With proper versioning, we can combine model predictions and the corresponding input data with model versions and trained data. With this kind of grouping, we can eventually detect data drifts and model miss performances. When it comes to implementation of the ML model, once we have set up the right versioning components and deployment scripts, then we can periodically run (batch) jobs that parse our predictions and analyze their quality.

In addition, with the right versioning of models an organization can run multiple models in production, can deploy models in a shadow mode as well as update and change models accordingly in a straightforward way. 

Finally, the importance of versioning is reflected in the rise of new tools and their quick adoption by the community. Every cloud vendor has a model registry and versioning components in their pipeline steps before deploying models. Open-source tools such as MLFlow and DVC – which were introduced recently – have been widely adopted by the machine learning community exactly because they help with versioning.

Versioning in ML solutions: From traditional software development practices to efficient MLOps

Machine learning is different from traditional software development. Although it involves a lot of software engineering, the level of sophistication in machine learning systems is much higher when it comes to data utilization and monitoring aspects. This difference increases the scope of versioning in ML pipelines: With machine learning systems, we have to bind model training and preprocessing code together with the data that was used. In addition, we need a way to connect the predictions in production and the corresponding input data with the versioned models and training data sets.
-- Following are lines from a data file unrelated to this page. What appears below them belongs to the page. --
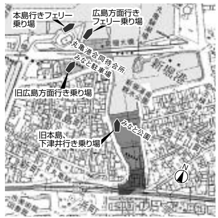
《丸亀港内の埋め立て年》 ■昭和40年 ■昭和51年 ■昭和62年

四国の経済は、古くから阪神方面との結びつきが強く、貨物輸送において、船舶や鉄道が利用されてきた。海で分断された四国と本州間の鉄道貨物の輸送は、明治四十三(一九一〇)年に国鉄の宇高航路が開設された時から小口貨物はすべて港で積み替えていた。大正十(一九二一)年から貨車を舁(おび)き(貨物や乗客を運ぶ小舟)に積み、宇野―高松間を曳船(ひねぶね)で運んだ。一九五〇年代以降はトラック輸送が増加しはじめ、昭和二十九年四月に、初めてフェリーボートが本州と四国の間、明石―岩屋(淡路島)・福良(淡路島)―鳴門間に就航した。当初のフェリーは自動車航送専用であったが、三十六年から一
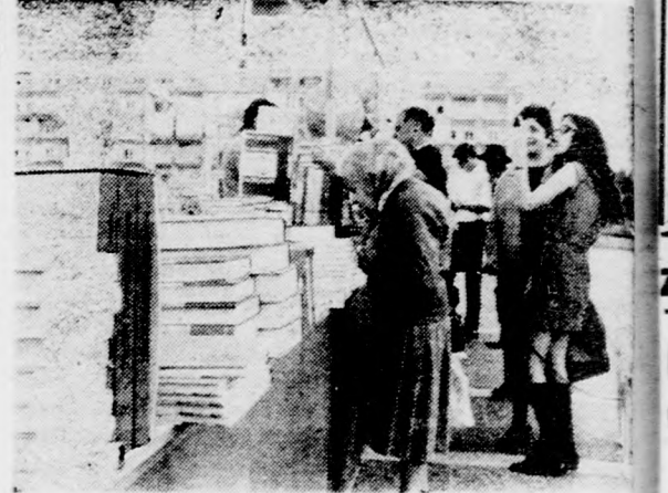
TEL-AVIVBAN AZ EGYIK KÖNYVELÁRUSÍTÓ HELYSÉGE

Több ezer könyvet árusítanak — 40 százalékos engedménnyel. Tegnap nyílt meg a héber a Jeruzsálem-fasor és a Dettar könyvház, amelynek keretében Slomo sarkán, míg Haifaán sok ezer könyvet bocsátanak Benjámin-parkban és Beér árusításba 25-40 százalékos van a Bet Háam pavilonban.
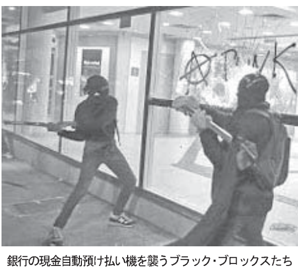
銀行の現金自動預け払い機を襲うブラック・ブロックスたち

行い、セー広場で解散。これを待ち受け、ブラック・ブロックスの一団が一部のパト参加者をいざなう。市議会議事堂に向かい、その一部は市議院内にも乱入した。また、市議会議事堂の前では少なくとも四つの爆弾を撒き散らした。ブラック・ブロックスの一団はその後、軍警との衝突を避けて、リベラダー銀行や向かい、イタウ銀行や化粧品店「イケザキ」などを襲った。この日の行為は、無政府主義を唱える
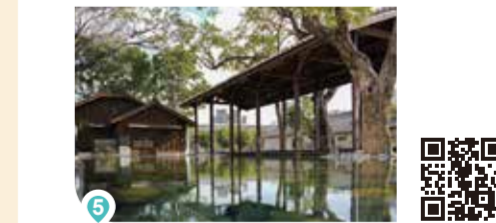
国家漫画博物館準備室

もともとは台湾初の化粧品工場でした。今では新興ブランドの集まる空間となっているほか、ミシュランに掲載されたレストランも入居しています。
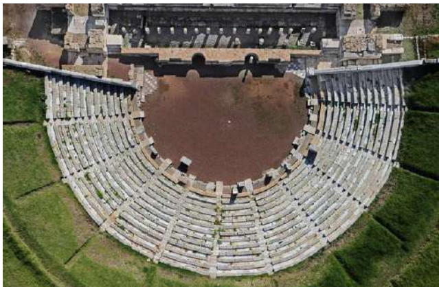
Το αναστηλωμένο θέατρο

Πιστεύω ότι αυτή τη φορά δεν θα μας αφήσει να πλήξουμε το ίδιο το θέμα της διάλεξης, ο καθηγητής δηλαδή Πέτρος Θέμελης, ένας άνθρωπος που, όπως έχει γραφεί γι' αυτόν, «Όταν δεν έγραφε ανέσκαπτε και όταν δεν ανέσκαπτε έγραφε». Κι είναι αλήθεια ότι έσκαψε παντού, στην αρχαία Ολυμπία, στην Ηλία, στην Αττική, στην Εύβοια, στη Φωκίδα, στην Αιτωλοακαρνανία και βέβαια, στη δική μας Ελεύθερα, επί εικοσι σχεδόν χρόνια, στον πρώτο τομέα της πανεπιστημιακής ανασκαφής. Όμως ο μεγάλος του έρωτας ήταν η Αρχαία Μεσσήνη, το χώμα της οποίας τελικά τον δέχτηκε θωπευτικά, αφού είχε ζητήσει να ταφεί εκεί, μέσα στον αρχαιολογικό χώρο. Στην Μεσσήνη ξεκίνησε ανασκαφές ήδη από το 1987 και συνέχισε μέχρι το τέλος της ζωής του πρόπερσι. Το σημαντικότερο ίσως όλης της προσφοράς του εκεί ήταν η ανάδειξη των ευρημάτων στον εκτεταμένο χώρο των τετρακοσίων στρεμμάτων και η πρότυπη αναστήλωση των κτηρίων, η οποία αποτελεί επίτευγμα που ξεπερνά τα ελληνικά όρια, παράδειγμα για άλλες ανασκαφές ανά τον κόσμο. Δεν είναι τυχαίο το γεγονός ότι η Αρχαία Μεσσήνη έχει προσφύως αποκληθεί «Πομπή της αρχαίας Ελλάδας». Σήμερα στις «Αναδιφήσεις» θα περιηγηθούμε φωτογραφικά σε 16 από τα μνημεία της. Θα το κάνουμε μονολογικά, ενώ οι ενδιαφερόμενοι για περισσότερα αναγνώστες δεν έχουν παρά να έρθουν στη διάλεξη της Κυριακής.

Having said the above, I believe going beyond the traditional software ways of working and tools is needed to establish proper versioning. This I learned fairly quickly during my first years in MLOps (read about my work at one of the biggest financial institute in Sweden). To anyone starting to build their machine learning operations, I would say that trying to solve the operationalization of multiple ML models with existing data and analytics architecture, versioning components, and CI/CD tools is not how MLOps should be run. Without putting aside prevalent software development and deployment methods, when operationalizing ML the entire architecture should be updated including feature store, model registry, and ML monitoring components.

MLOps: Different areas and workflows.

To be more specific, I would suggest that you try solutions such as MLFlow or native cloud model registry components. Those tools provide a straightforward way to save your models and experiments through easy-to-use APIs and they enable better visibility of the status of the model and of its versions (which versions are in the staging phase or production). Again, I would also suggest introducing a feature store – both offline and online. Feature store is a storage solution trying to address the challenges with serving features to the models both in training operations as well as in production. One of the challenges that feature stores are addressing is the need to keep a track of which features the models used in a particular training session. This type of time-travel querying helps enable better versioning of data in the training and production environments. There are other benefits too, but this is the most important one for the purpose of this blog article.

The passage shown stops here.